I don't quite follow your statement that  "If you simply reverse the winding order of the existing vt references, they'll flip the texture around in various ways <>, but the artifact still appears." I am suggesting that any breaking of the vt winding order will cause artefacts, including reversing them, so yes I would expect reversing the winding order to create artefacts . I agree totally that reordering the vt references will flip the texture about.

I would be suprised if my fix randomly hit on a combination that worked. I do think that it would be better if I could demonstrate on a more complex geometry. I hope to try that tonight but I can't try any more experiments for about 13 hours or so whilst I am at work. I simplified the test example down to a hollow cube to make it easier for me to understand.

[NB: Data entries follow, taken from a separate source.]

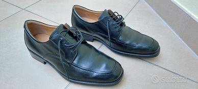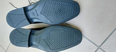 Vendo scarpe Geox da uomo, nere, in pelle, modello elegante. Le scarpe hanno circa 9 anni ma sono state indossate solo 3 volte in occasione di matrimoni. Sono in ottimo stato generale, senza difetti rilevanti, ma naturalmente si tratta di un paio di scarpe usate e non recenti.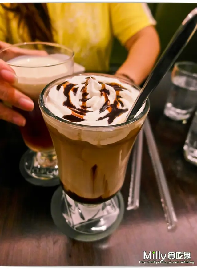 底層是巧克力醬,加上咖啡和鮮奶油,攪拌後可以喝到濃濃的巧克力香佈滿口中~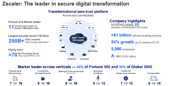 Zscaler提供了一個完整的網絡安全平臺,旨在保護用户層面的數據和應用程序,相比之下,前面提到的CRWD保護端點設備。Zscaler是一個明顯的市場領導者,擁有40%的財富和500強客户。

Currently I am suggesting that for Poser:-

a)  That the order of vt entries for each face should follow a winding order

b) And it follows that where  faces share vt entries, and smoothing is being applied across the boundary between the faces, that the winding order rule is applied for all faces including the shared vt entries .

Cheers

Ian


shedofjoy ( ) posted Wed, 01 April 2009 at 10:20 AM

im currently working on a clothing model that suffers with this ripping problem, (all the normals are correct and facing in the right direct etc) Will re-mapping the model effect the winding order???
im off to do tests....will post later

Getting old and still making "art" without soiling myself, now that's success.

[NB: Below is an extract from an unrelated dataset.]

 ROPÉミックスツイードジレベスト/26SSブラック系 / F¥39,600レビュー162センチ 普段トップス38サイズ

Khai ( ) posted Wed, 01 April 2009 at 10:58 AM

guys... I think it's time to pack this up as a bug report (I suggested to RC he gets the programmers to take a look in here, but he thought it better to pack it up and submit it as a bug report directly)


Spanki ( ) posted Wed, 01 April 2009 at 12:53 PM

Quote - Thanks Spanki,

I'm open minded on this.

I don't quite follow your statement that  "If you simply reverse the winding order of the existing vt references, they'll flip the texture around in various ways <>, but the artifact still appears." I am suggesting that any breaking of the vt winding order will cause artefacts, including reversing them, so yes I would expect reversing the winding order to create artefacts . I agree totally that reordering the vt references will flip the texture about.

Sorry, I chalk this up to applying different meanings to the term "winding order".  As typically used (in regards and related to vertex ordering), this refers to the order that the indices are listed in the facet record, but has less to do with the "index numbers" themselves and more to do with the 3D positional values of the vertices that those indices reference.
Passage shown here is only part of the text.